Eric Rowinsky
About Eric K. Rowinsky
Eric K. Rowinsky, M.D., is an independent director of Biogen (BIIB), age 68, serving since 2010. He is President of Inspirna and brings extensive drug development, regulatory experience, and medical/scientific expertise, having led teams that registered more than twelve novel oncology therapies. He holds a B.A. from New York University and an M.D. from Vanderbilt University School of Medicine .
Past Roles
| Organization | Role | Tenure | Committees/Impact |
|---|---|---|---|
| Inspirna (private) | President | 2015–present | Led oncology development; executive chairman 2016–2021 |
| Hummingbird Biotherapeutics | Chief Medical Officer | 2020–2023 | R&D leadership |
| Clearpath Development, Inc. | Chief Scientific Officer | 2016–2021 | Scientific strategy |
| Stemline Therapeutics | Head of R&D; Chief Medical Officer | 2012–2015 | Advanced clinical assets |
| Primrose Therapeutics | Chief Executive Officer | 2010–2011 | Early-stage biotech leadership |
| ImClone Systems | Chief Medical Officer; Executive Vice President | 2005–2010 | Registered multiple oncology therapies |
| Cancer Therapy & Research Center’s Institute for Drug Development | Director of the Institute; Director of Clinical Research | 1996–2004 | Early oncology drug development |
| Johns Hopkins School of Medicine | Associate Professor of Oncology | 1988–1996 | Academic leadership |
External Roles
| Company/Institution | Role | Tenure | Notes |
|---|---|---|---|
| Purple Biotech Ltd. | Director | 2019–present | Public company board; oncology |
| Verastem, Inc. | Director | 2017–present | Public company board; oncology |
| Fortress Biotech Inc. | Director (prior) | 2010–2024 | Prior public company board |
| National Cancer Institute (Scientific Counselors) | Director | N/A | Public health/oversight role |
Board Governance
- Independence: Biogen reports 10 of 11 directors as Nasdaq-independent; Rowinsky is independent .
- Committees: Member, Compensation and Management Development Committee (CMDC) and Corporate Governance Committee (CGC) .

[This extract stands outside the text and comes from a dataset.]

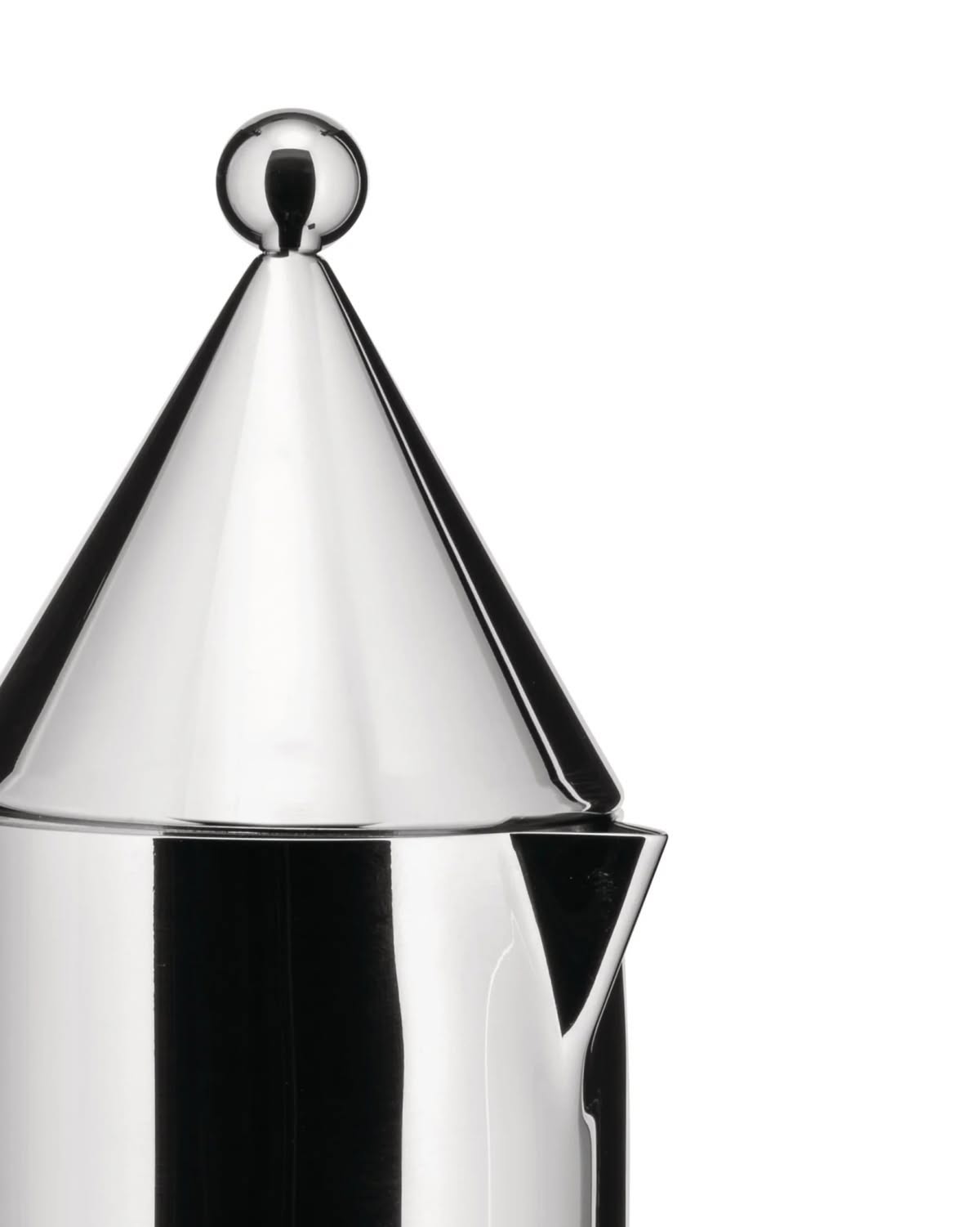 Alessi 90002/6 La Conica Caffettiera espresso 6 tazze è la caffettiera di design in acciaio inossidabile 18/10 con fondo in rame. 6 tazze. Disegnata tra il 1980 e il 1983, questa caffettiera nasce come evoluzione dell’operazione “Tea&Coffee Piazza”, che aveva visto grandi architetti impegnati sul tema della progettazione di un servizio per caffè e tè. E' il primo progetto di Rossi per la grande serie, e con la sua immagine fortemente iconica diventa subito il prodotto leader dell'allora neonato marchio Officina Alessi, nonché un simbolo del design degli anni '80. La conica, primo progetto di caffettiera espresso dell'architetto Aldo Rossi, nasce da un gioco di forme geometriche semplici che formano una mini architettura da tavola, dallo stile conciso ed elegante. Icona intramontabile, La conica ha il corpo in acciaio inossidabile e il fondo in rame: un oggetto ricercato, dalle essenziali linee geometriche che danno vita a uno strumento funzionale con il quale preparare e servire il caffè.
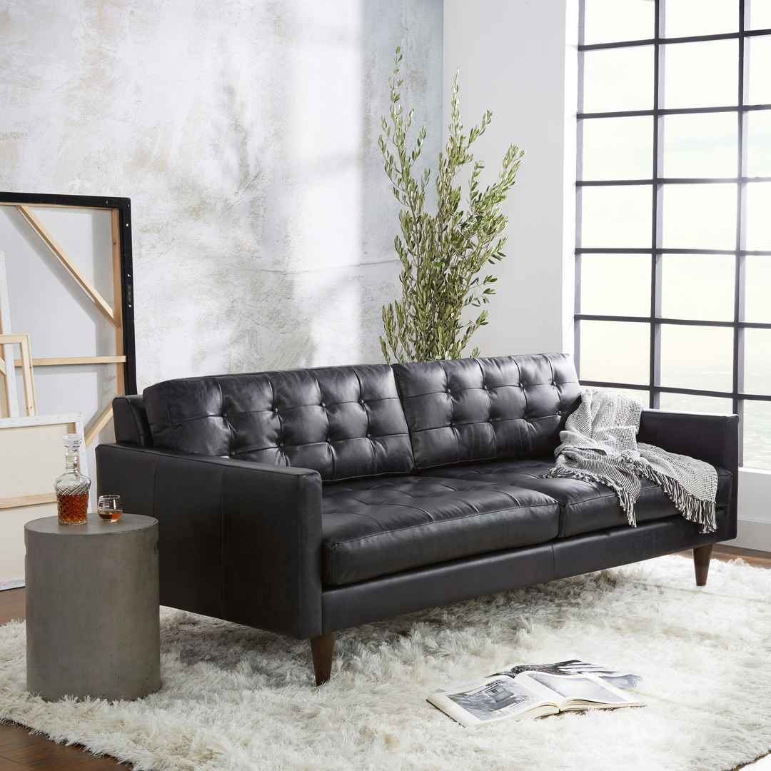 Kick off your celebrations or settle in for a night of streaming on the Eliot Leather Sofaa classic focal point for any living space. Eliot Leather Sofa Santiago Ale Brown Mid-Century Modern

- Attendance: “Each of our director nominees attended all meetings of our Board and the committees on which they served in 2024” (100%) .
- Engagement: Policy for independent directors (led by CGC Chair) to engage top 10 stockholders annually; executive sessions of independent directors held four times in 2024 .
| Governance Item | Detail |
|---|---|
| Board meetings (2024) | 8 meetings |
| CMDC meetings (2024) | 6 meetings |
| CGC meetings (2024) | 4 meetings |
| Executive sessions (2024) | 4 independent director sessions |
Fixed Compensation
| Retainer Schedule (Non-Employee Directors) | Amount (USD) |
|---|---|
| Annual Board Retainer | $125,000 |
| Committee Chair (Audit/CGC/CMDC) | $30,000 |
| Committee Member (Audit/CGC/CMDC) | $15,000 |
| Chair of the Board (additional) | $75,000 |
| Eric K. Rowinsky — 2024 Director Pay Mix | Amount (USD) |
|---|---|
| Fees Earned or Paid in Cash | $155,000 |
| Stock Awards (RSUs; grant-date fair value) | $300,160 |
| All Other Compensation | — |
| Total | $455,160 |
- 2024 structural changes: Non-employee Chair’s annual equity award reduced to ~$100,000 (from $170,000); non-employee director grant increased to ~$300,000; RSUs vest at earlier of first anniversary or 2025 annual meeting .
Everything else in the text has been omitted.